Three of the Olsen brothers, Merlin, Phil, and Orrin, played in the NFL, with Merlin and Phil playing together for the Rams from 1971 to 1974. A nephew, Hans, son of his brother, Clark, also played professional football. In 1975 and 1976, the Rams defense finished second in the NFL against the run while ranking in the top five in sacking opposing quarterbacks and compiling a 22-5-1 record over those two seasons.

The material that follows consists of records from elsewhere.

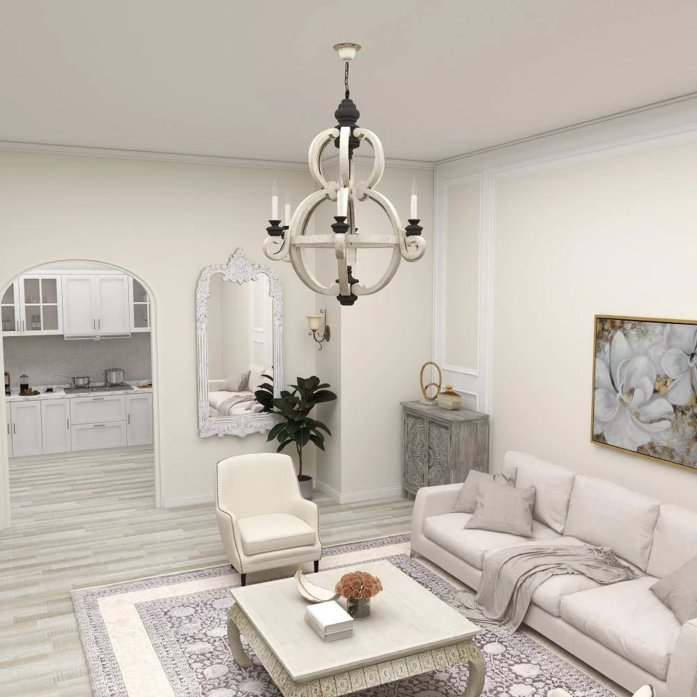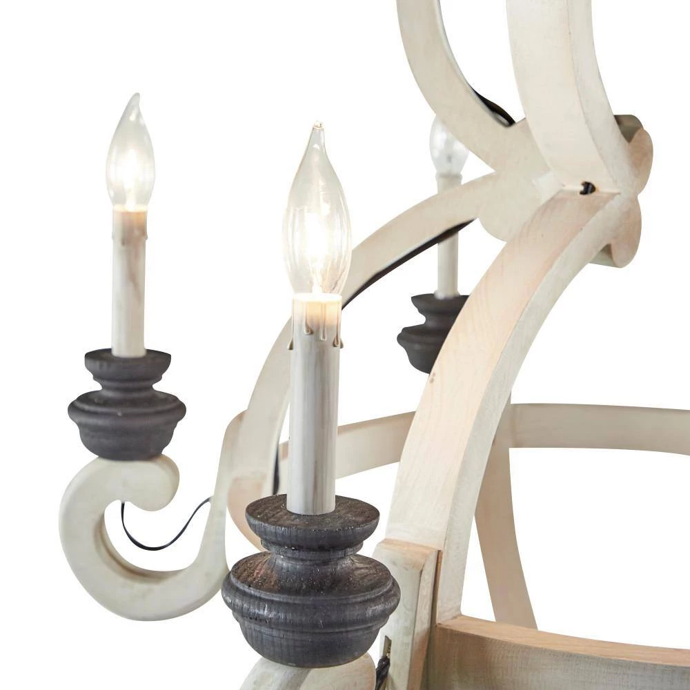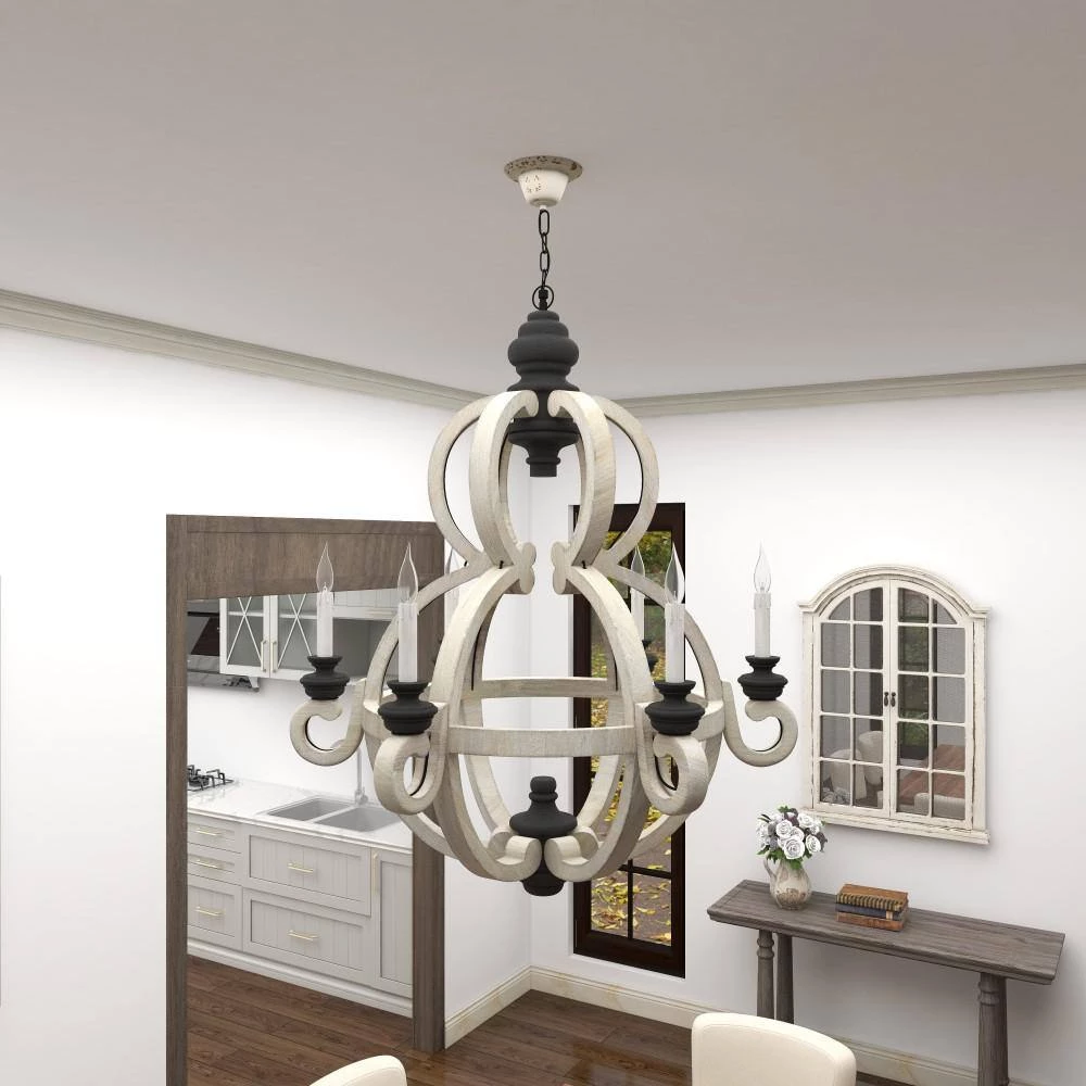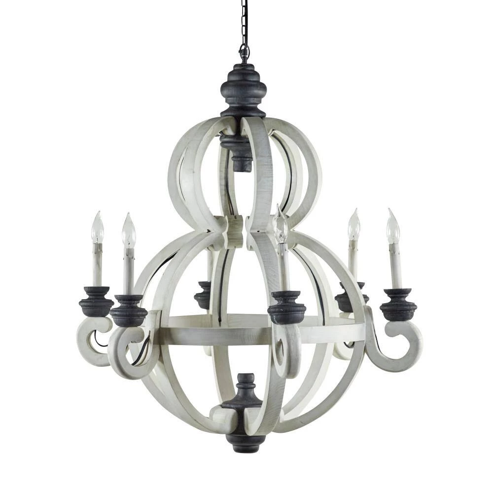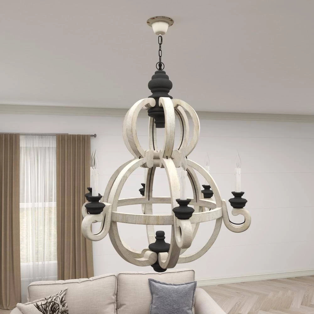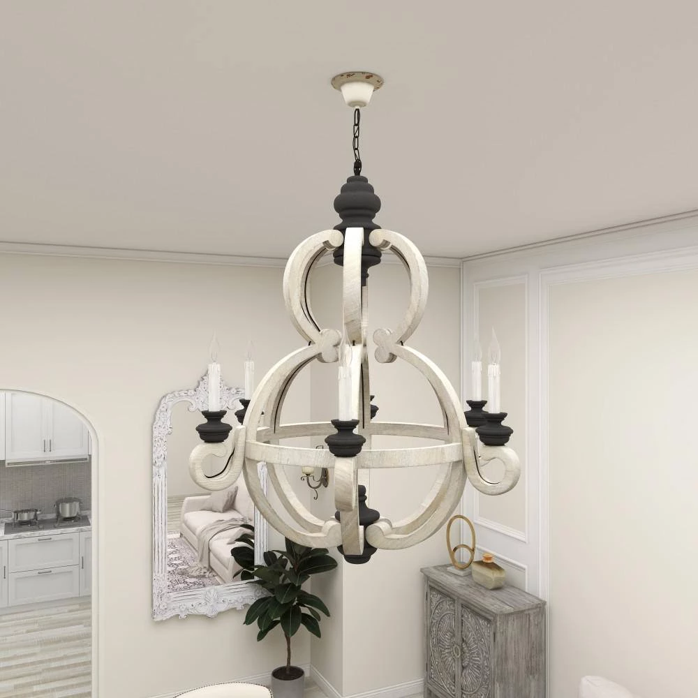 This Chinese red pine made chandelier takes a gridded globe like shape to carry six classic candelabra style light bulb holders. Its overall exterior was made in India and was given a black and white finish to suit antique, cottage chic, and rustic themed interiors. Use it to lighting decoration in foyers, dining halls, bars, porches, and hallways. LED screw base candelabra. Electric chandelier with hardwired canopy and hanging chain. Suitable for indoor use only. This item comes shipped in one carton.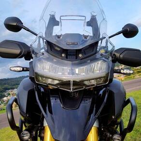 Com uma lente frontal em acrílico de 4 mm, o protetor proporciona resistência contra impactos, protegendo seu farol contra pedras, cascalho e outros detritos da estrada. O acabamento em chapas de aço carbono com pintura epoxi preta fosca não apenas acrescenta um toque de elegância e agressividade à sua motocicleta, mas também garante resistência à corrosão mesmo nos climas mais adversos.
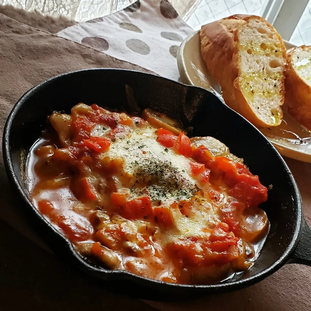 スキレットにオリーブオイル、鶏もも肉を皮目を下にして並べハーブソルト少々、皮目がカリッとしたら逆さむけ、新玉葱、マッシュルームで隙間をうめる、自家製トマトソースをまわしかけ、パプリカ粉&レッドペッパーをふり、たっぷりのシュレッドチーズ、赤パプリカをのせ、蓋をして蒸し焼き、焼き上がったらパセリ粉をふって完成。バゲットを添えて。

Olsen's last game was the NFC Championship game in 1976 at Bloomington, Minnesota. The Vikings took advantage on a freak play early in the game. A blocked field goal returned 90 yards for a touchdown shocked the Rams in the first quarter. The defense was later victimized by a couple of big plays by the Vikings. The Rams came up short, losing 24–13, bringing the storied career of the Rams' finest defensive tackle to an end.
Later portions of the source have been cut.